Front page | perl.perl5.porters |
Postings from June 2011
Re: RFC: Handling utf8 locales
From: Karl Williamson
June 26, 2011 21:03
Re: RFC: Handling utf8 locales
Message ID: 4E0800F0.firstname.lastname@example.org
On 06/26/2011 04:32 PM, Zefram wrote:
> Karl Williamson wrote:
>> People still use locales to get, e.g., the proper date format,
>> for their location. But they can't currently do that if the locale is
>> utf8 because regex matching and casing don't work well with those.
> Are you saying that LC_TIME et al aspects of locales don't work if the
> locale's character set can't be handled? If so, I support making LC_TIME
> et al work independently of character encoding.
I am essentially saying that, and that is what this proposal was meant
>> in which the parameter indicates that the user promises that they won't
>> use a non-utf8 locale, and so Perl can ignore CTYPE for locale purposes,
>> and in fact that strings can be assumed to be encoded as Unicode
> In this you appear to be restating the fundamental brokenness that I
> initially perceived. If the locale prefers UTF-8 encoding, that means
> we're liable to see UTF-8-encoded text in the input. For example,
> the orange one's name, which includes an e-acute character (U+e9), will
> appear as the string "L\xc3\xa9on". Ideally we'd like the /l modifier in
> this situation to make "\xc3\xa9" match as a single alphabetic character,
> and match /\xc3\x89/ if we also apply the /i modifier. As I understand
> it, you are proposing that /l behave identically to /u, and thus that
> we treat the "L\xc3\xa9on" string as containing an A-tilde (U+c3) and
> copyright symbol (U+a9), which in character classes and case-insensitive
> matching will give a very different effect.
> The only locale charset for which we can ignore locale encoding is
> Latin-1. This is because Latin-1 encoding and decoding, as viewed
> by Perl, is the identity function (modulo encoding range errors).
> UTF-8 encoding and decoding are distinctly non-identity operations.

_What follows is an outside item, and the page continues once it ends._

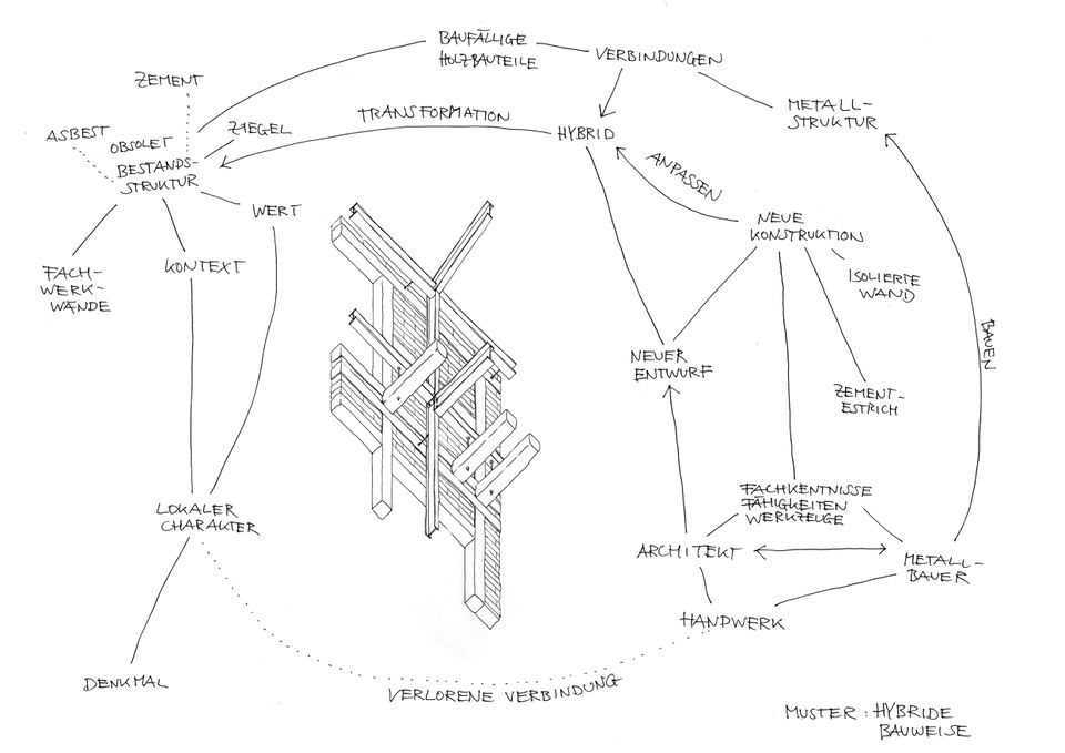 Die Umformung der Wildnis in eine Kulturlandschaft hat mit der traditionellen, alltäglichen Bewirtung von Ländereien begonnen. Gebäude zu bauen war dabei integraler Bestandteil dieser gemeinschaftlichen Unterhaltsarbeit. Nach ihrer Erbauung wurden diese häufig schrittweise erweitert. Anwohner:innen halfen dabei, teilten ihr Wissen und Material und unterstützen so ein komplexes lokales System der gegenseitigen Gabe. Heute spiegelt sich dieser Ansatz in der Art und Weise wider, wie das Leben der Gebäude von ihren Nutzer:innen erweitert wird. Häufig wird Material aus alten Gebäuden dazu verwendet, andere existierende Strukturen zu reparieren und umzunutzen. Beispielsweise nutzte ein Hausbesitzer in Gerswalde Lehm aus der Baugrube einer anderen Baustelle, um seine Innenwände zu verputzen.

>> What I was originally proposing would work well with the :locale I/O
> Surely any particular behaviour for regexp character classes will be
> utterly broken by any change in the encoding regime that generates
> the strings on which it operates. /u works naturally with :locale, by
> virtue of having character strings always represented in native Unicode
> form where visible to the program. Any form of locale-encoded-string
> handling, such as /l, however, is fundamentally predicated on *not*
> decoding inputs that are expected to be locale-encoded.
Currently, under locale, the user is warranting that the strings are
correctly encoded in the specified locale. If the real encoding is
Hebrew and we are told that it is Greek, the results are almost certain
to be wrong. My proposal had nothing to do with input/output. "use
locale" as far as documented has no current effect on that. What I was
saying was that under utf8 locales, which are currently documented as
not working, the regex engine and the casing functions would assume that
their strings were properly Unicode-encoded. It's up to the user to get
them that way. The :locale layer would be a convenient way to do this.
So, sure, if the string is in utf8, but the utf8 flag is not set (or
vice versa), the results will be wrong. The proposal is not an
end-to-end solution where suddenly "use locale" takes on more meaning
than it currently does. It is "if are in a utf8 locale, and you've
arranged things so that the strings are Unicode-encoded, then operations
on them will work correctly" which is not the case currently.